**Problem statement**.
Repeat the listing word for word. Leave every picture out.

**Material provided**.
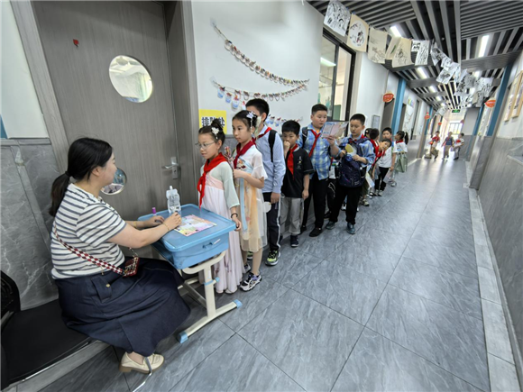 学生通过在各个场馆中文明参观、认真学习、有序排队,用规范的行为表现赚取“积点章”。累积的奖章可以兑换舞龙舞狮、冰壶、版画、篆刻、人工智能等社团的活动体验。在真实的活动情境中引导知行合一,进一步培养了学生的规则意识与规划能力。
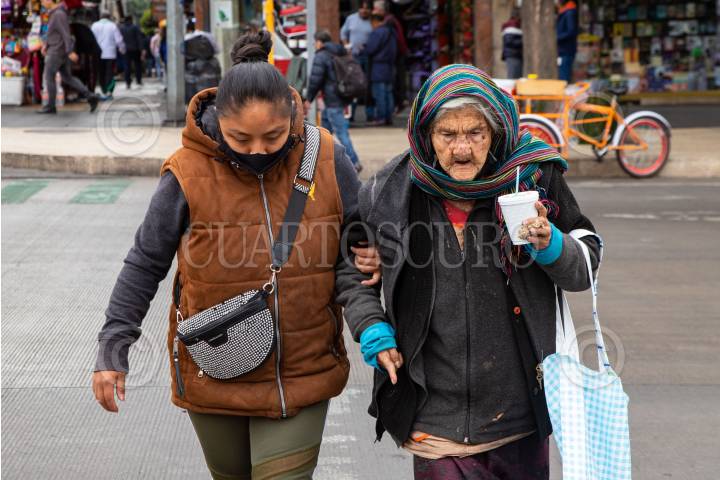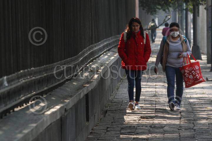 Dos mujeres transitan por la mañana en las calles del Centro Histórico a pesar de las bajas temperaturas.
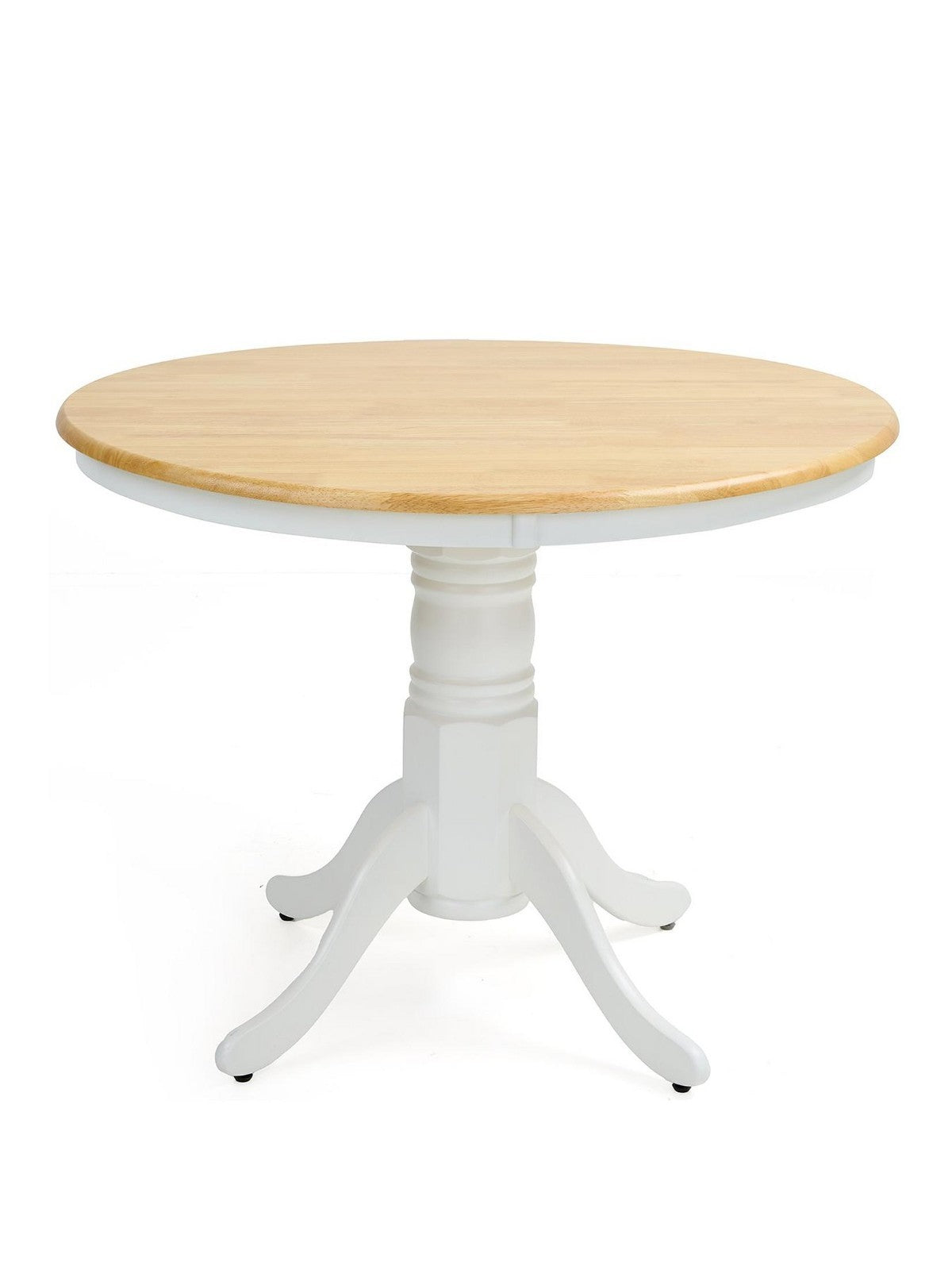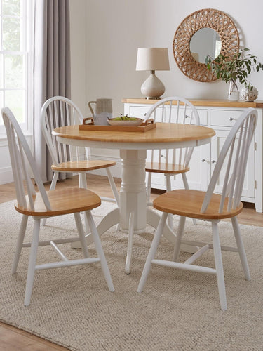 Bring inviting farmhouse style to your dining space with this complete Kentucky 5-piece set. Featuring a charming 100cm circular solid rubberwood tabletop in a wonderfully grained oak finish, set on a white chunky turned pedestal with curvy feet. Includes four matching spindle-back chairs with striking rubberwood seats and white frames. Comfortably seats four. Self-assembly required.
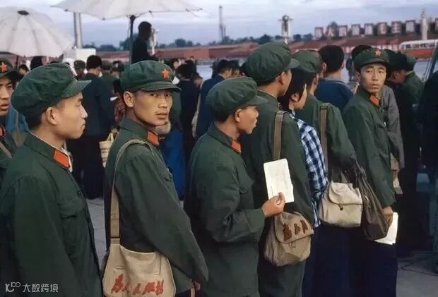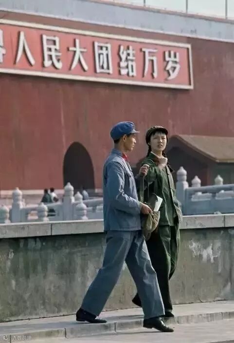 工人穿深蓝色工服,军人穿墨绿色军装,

**Solution for this problem**.
 学生通过在各个场馆中文明参观、认真学习、有序排队,用规范的行为表现赚取“积点章”。累积的奖章可以兑换舞龙舞狮、冰壶、版画、篆刻、人工智能等社团的活动体验。在真实的活动情境中引导知行合一,进一步培养了学生的规则意识与规划能力。
 Dos mujeres transitan por la mañana en las calles del Centro Histórico a pesar de las bajas temperaturas.
 Bring inviting farmhouse style to your dining space with this complete Kentucky 5-piece set. Featuring a charming 100cm circular solid rubberwood tabletop in a wonderfully grained oak finish, set on a white chunky turned pedestal with curvy feet. Includes four matching spindle-back chairs with striking rubberwood seats and white frames. Comfortably seats four. Self-assembly required.
 工人穿深蓝色工服,军人穿墨绿色军装,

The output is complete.